By judiciously choosing these Y–STRs that work under these extreme conditions when you can have large quantities of DNA, one could perform the following: Take a swab and perform a direct lysis method; that is, you take a portion of the swab or the whole swab—depending, we have to discuss that—containing several hundred nanograms of DNA, do direct lysis, and then do Y–STRs, PCR prep, amplification, capillary electrophoresis, and so on. This should take approximately 5 hours and 40 minutes. Ballantyne: Slide 17

The theoretical approach is direct lysis to release DNA and RNA (ribosomal nucleic acid). (We'll come to RNA if I've got time, but I probably won't.) Then we coextract the DNA and the RNA together, we perform Y–STR analysis using these systems, which works well, or, as an alternative, using real-time PCR assay for the presence of Y chromosome, which is a bit like Eric Buel's discussion this morning where you could just look for the presence of Y. Ballantyne: Slide 18

But we would rather approach it this way, and getting a profile at the same time can be useful for identification purposes later. Then, we have a body fluid identification side of things, where we look at the RNA profile obtained from the RNA extracted from direct lysis to obtain the nature of the body fluids present on the swabs. So, for example, if it's a vaginal swab, it will confirm whether or not it's a vaginal swab, and it will state there's blood and saliva present.

Here is some preliminary work: A 12-hour postcoital cervicovaginal swab direct lysis. The direct lysis is the area that we're working on to try and improve the sensitivity and specificity of that, because that's the critical stage in this analysis in terms of making things faster. Ballantyne: Slides 19 and 20

An adjunct to this, of course, is to obtain the body fluid identification, and for this we're talking about RNA. Here we have DNA producing RNA to protein, and you also have the genotype, which is just the genome, but of course only parts of this genome are expressed in any particular cell, and the patterns of gene expression are unique to each cell type. Ballantyne: Slide 21

For example, blood should have a unique messenger RNA profile, and saliva should have a unique messenger RNA profile, what we have called a multicellular transcriptome. The complement of all RNA present in a single cell is called a transcriptome, but we are looking at tissues, different cell types, and multiple cell types in any of the body fluids we're interested in. For example, blood has contributions from several different tissues, so it's a multicellular transcriptome. Basically, we're looking for RNA, which is tissue specific. There are housekeeping genes, of course, but we're looking for tissue-specific RNA molecules that are abundantly expressed, because RNA is expressed at different levels. Ballantyne: Slide 22

To reiterate, the concept is swab cutting, DNA and RNA coextracted, and no differential extraction. There's a DNA side that looks at Y–STRs using a set of carefully chosen Y–STRs. Male profile? Yes. Process the swab with no further action. Ballantyne: Slide 23

At the same time, we have an RNA multiplex real-time PCR that gives us the body fluid identification, and so you have a male profile and the body fluids are present. That's the concept, and it can be done in less than 6 hours.

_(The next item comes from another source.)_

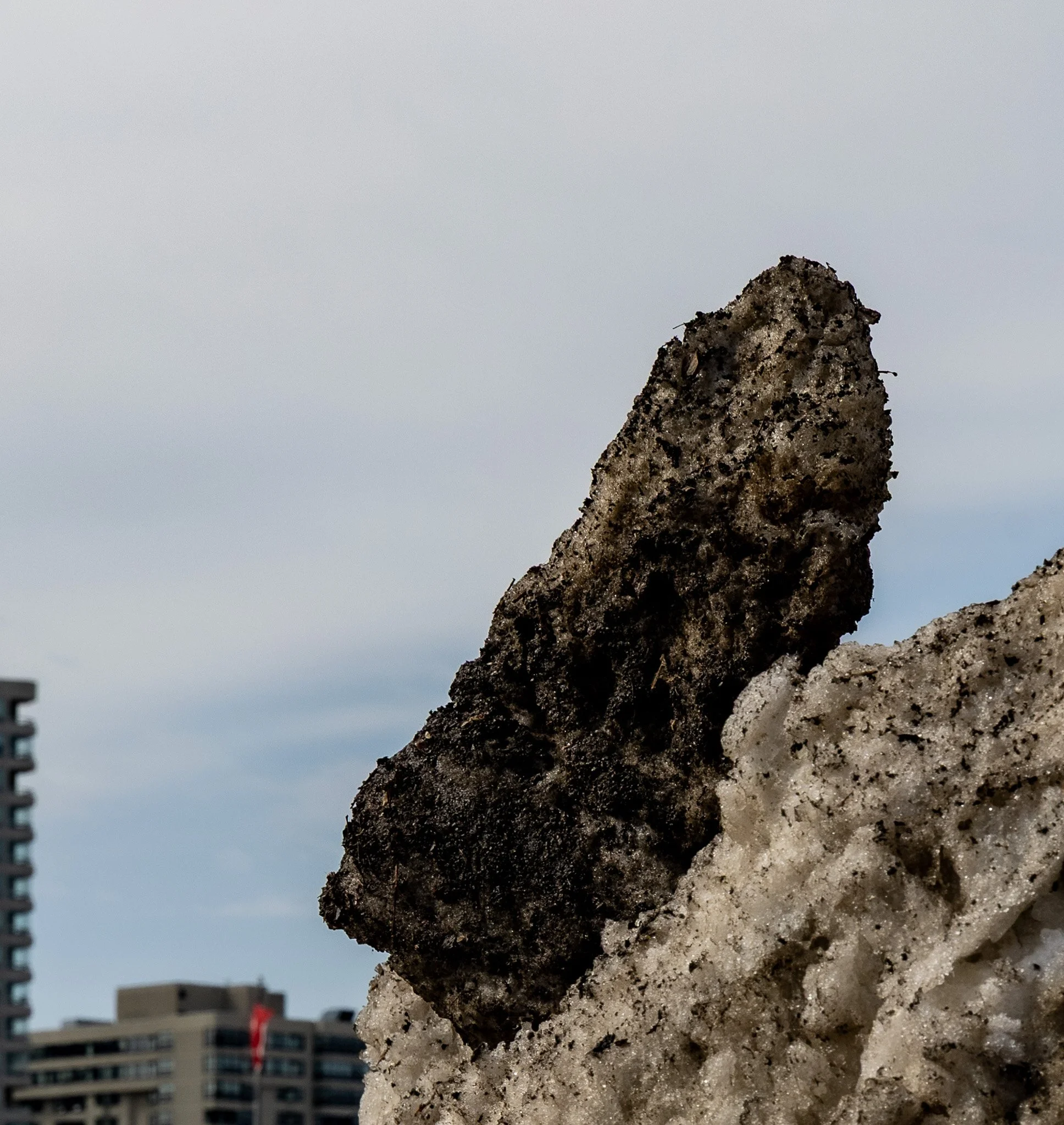 The size and scale of the city snow dumps were extraordinary and unexpected. The mountain ranges and peaks of Iceland or ‘Mordor’ of the Lord of the Rings are created by snow removal every year. Created from snow, ice, gravel, calcium, salt, tar, rubber and rubbish. And then they disappear by summer only to be re-created next winter…

I want to just skip through this [slides 24–27] because we have identified a number of RNA molecules that are specific to the tissues we're interested in. [Note: Despite not being discussed at the conference, slides 24–27 are included in this online presentation.] Ballantyne: Slides 24–27

Here's a list of genes expressed exclusively in saliva, at least to our knowledge, and compared to all the other body fluids we're interested in so we can detect these RNAs. Ballantyne: Slide 28

These are the RNAs here, detected in five different individuals, and here are pictures of the RNA molecule. Ballantyne: Slides 29 and 30

So this is the proposed schedule:

• Develop and optimize the direct LYSIS method, selecting the quickest and most sensitive procedure.

• Develop real-time PCR assays for body fluid identification and male-specific sequences. We have the genes, so it's just a matter of converting to the real-time PCR format.

• Complete the optimization of Y–STR multiplexes through in-house systems or commercial kits. We haven't evaluated the commercial kits yet under these extreme situations because, hopefully, if they work, they would be fine, too.

• Complete the development of real-time PCR assays for body fluid identification and male-specific sequences.

• Optimize the system with mock case samples.

• Test the system with bona fide case samples.

• Submit manuscript.

• Develop procedures. Ballantyne: Slide 31

Thank you. Ballantyne: Slide 32

DR. SELAVKA: If there's a question or two, we can take it now.

QUESTION: How stable is the RNA?

DR. BALLANTYNE: It's extremely stable. What do I mean by extremely stable? People have a misconception on the stability of RNA. RNA itself is stable. Otherwise life wouldn't exist as we know it today. The problem is the nucleuses that are present.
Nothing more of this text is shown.